PhD and MPhil Supervision

Current Supervision

Possible Research Projects

Note for students: The possible research projects listed on this page may not be comprehensive or up to date. Always feel free to contact the staff for more information, and also with your own research ideas.

  • We aim to improve our understanding of Renewable Energy Sources (RES, wind and solar) over two timescales: 1) forecasting generation from hours to months, and 2) studying past and future climates to quantify projected changes in RES generation. Use physical models of the atmosphere (Numerical Weather Prediction and Climate Modelling) alongside historical observed data and new-generation data to drive the development of new forecasting methods and energy climate datasets. The forecasting component will develop seamless probabilistic RES forecasts with time horizons from hours to months using a blend of statistical and machine learning methods. Climate projections will develop high spatial and temporal (hourly) resolution RES data for onshore wind, offshore wind and PV from 2020-2050, using historical system data and ensembles of recent atmospheric model data, coupled with machine learning algorithms. This data will be used to investigate generation for different climate scenarios across RES alternatives. Statistical methods can rely on frequentist or Bayesian methods to help generate outcomes over short- and long-time scales, while machine learning techniques can range from simple decision trees to complex deep learning approaches.

    This is an industry-supported project. It is suitable for Honors, and PhD students.

  • Probabilistic forecasting associates a probability of occurrence with the predicted values, making it a useful technique for determining decisions based on the level of risk one can take. It is a powerful technique that unlike point forecast gives you a complete view of the future unknown values. In this project, we aim to use Bayesian approaches for probabilistic forecasting to predict the demand for products/services and accordingly determine a better decision whatever that may be, e.g., inventory of product, or optimal allocation of resources. We investigate the association between these two using real-world data.

    This is suitable for Honors and Masters students.

  • Time series often come in the form of many related time series known as hierarchical or group time series. Hierarchical time series refers to a collection of time series that have a natural and structural connection, e.g, time series are gathered across different locations such as sales across different stores and states in a country.

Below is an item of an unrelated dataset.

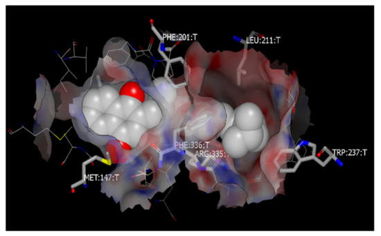 A selected low energy docking pose of vitamin K (White) with SR-B1, where numerous lipophilic residues are present to interact with vitamin K, similarly to the native ligand cholesterol.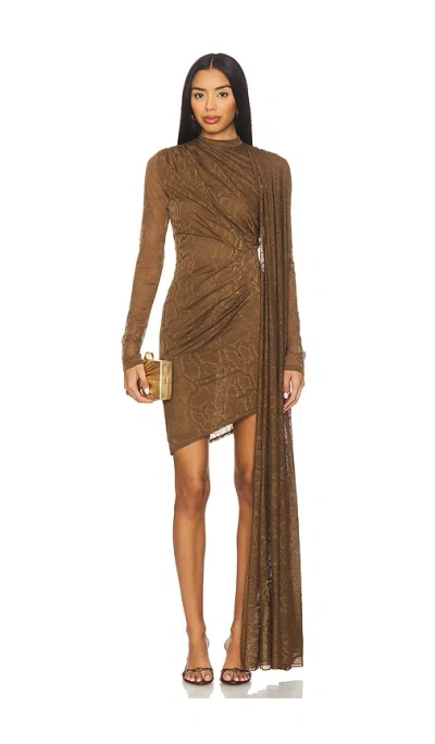 Coated Jersey Deep V Neck Mini Dress In Pale Gold

This project aims to use optimisation methods like integer programming in the setting of hierarchical time series to forecast the entire hierarchy optimally.

    This is suitable for Honors or Masters students.

  • Outlier detection is an important problem in many fields including in time series forecasting. Applications include detecting large spikes in transactions, or security breaches. This research project explores the application of machine learning techniques in the fields of cybersecurity forecasting and anomaly detection. With the ever-growing sophistication of cyber threats, traditional security measures are often insufficient to protect systems and networks effectively. By leveraging machine learning algorithms, this study aims to develop accurate and efficient models for predicting cyber attacks and identifying anomalous behaviour. The project involves analyzing large datasets of historical cybersecurity incidents, extracting relevant features, and training models to recognize patterns indicative of malicious activities. The findings of this research have the potential to enhance proactive cybersecurity measures and bolster defence mechanisms against evolving cyber threats.

    This is suitable for Honors and Masters students.

  • This project aims to develop a forecasting model for wind farms. We will use Machine Learning algorithms to predict power. The successful applicant will work on developing an R package for wind power forecasting.

    This is suitable for Honors and Master students.

  • This project aims to develop advanced forecasting models using machine learning, and advanced decision-making models using mixed integer programming for various problems in the agriculture supply chain, retail, and energy sectors.

    This is suitable for PhD and Masters students.